Writer’s Block: Part 2

This is my second in a series of posts in which I hope to lay down some thoughts and tips on overcoming writers block. You can view part one by clicking here. Don’t think that because I’m writing on how you can overcome writers block that it doesn’t affect me. It is a battle that not only authors have to fight, but students and anyone else who writes on a regular basis. I struggle with it at least a few times a week in my writing.

You know those days when the words just flow so freely from your keyboard that you can hardly type fast enough?  It’s the dream scenario for those who love to write. It’s like catching every green light in town on your way to the store. You just keep going. Nothing can stop you. I’ve churned out 20 pages before on such days.

Then, there are those days when you sit down at your desk, knowing you need to write, even knowing what you need to write, but you can’t find the words. It’s like there is a mental block. You begin to wonder if you have digressed back to the third grade. This isn’t how it is suppose to be. You are a writer! You’ve done this before. The words should come freely. Nonetheless, you just don’t know what to put down on paper. Everything you start writing seems stupid and senseless. You delete that first sentence you took ten minutes to cook up and start all over. Writers block.

Tip #3: Write something else. If you can’t find the words you need on one writing project, work on another. Once you have your creative juices flowing it will be easier to go back and get something going on that first project. I’ve tried this many times and it seems to work.

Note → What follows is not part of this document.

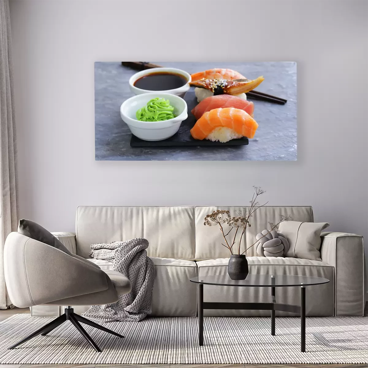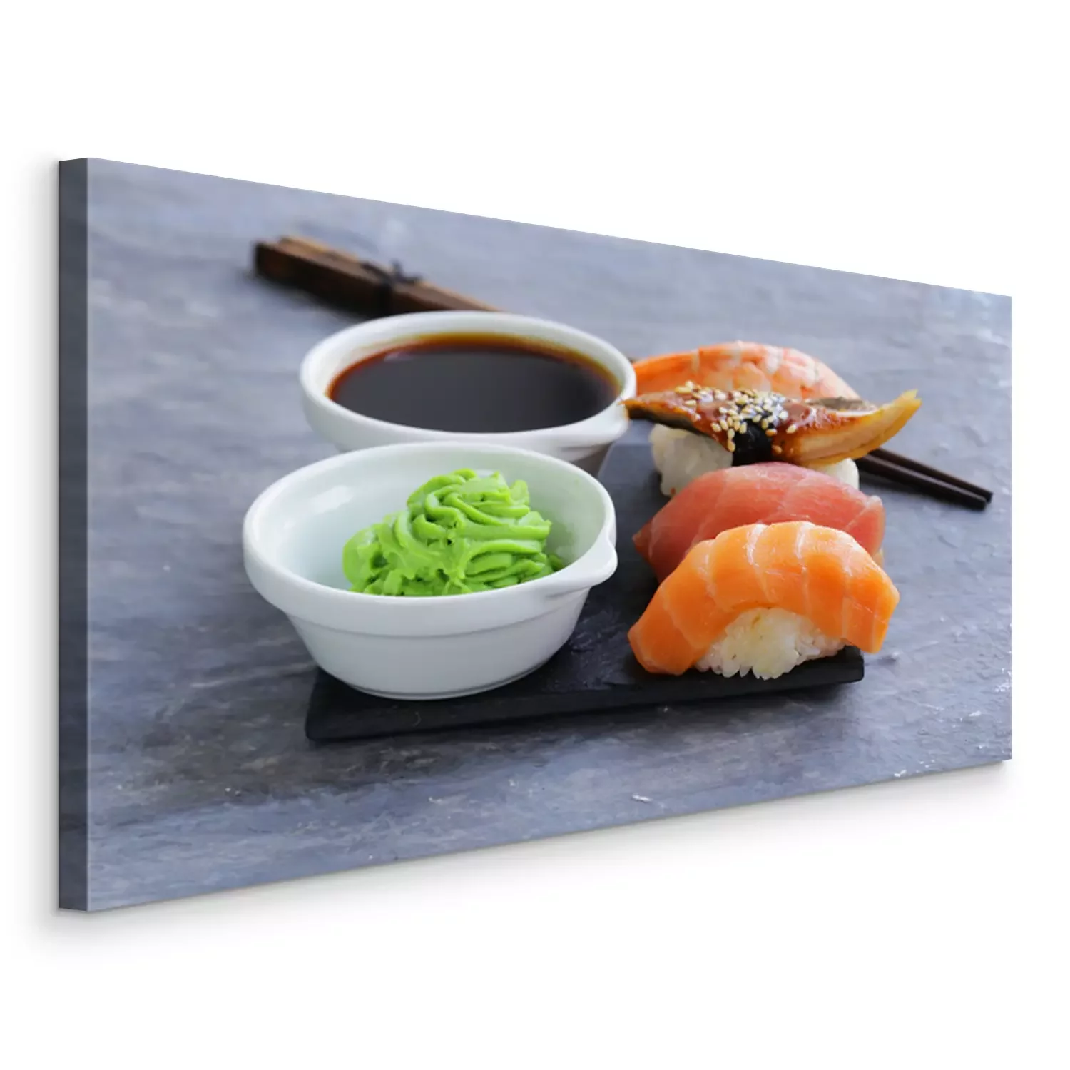 Canvas Japanse traditionele voedsel sushi met zalm, tonijn en garnalen

Tip #4: Realize nothing is going to be perfect! This is huge. I’m such a perfectionist, especially when it comes to writing. Every word has to be perfect. Some days I become consumed with this mentality and spend almost an hour on just a few paragraphs. A few hours on the opening paragraphs of a story is one thing. What I’m talking about is excessive. Sometimes we think too hard about things. If you can remind yourself your project will not be perfect (especially the first draft) you may find yourself able to continue. Don’t sit and wait for words from above… write.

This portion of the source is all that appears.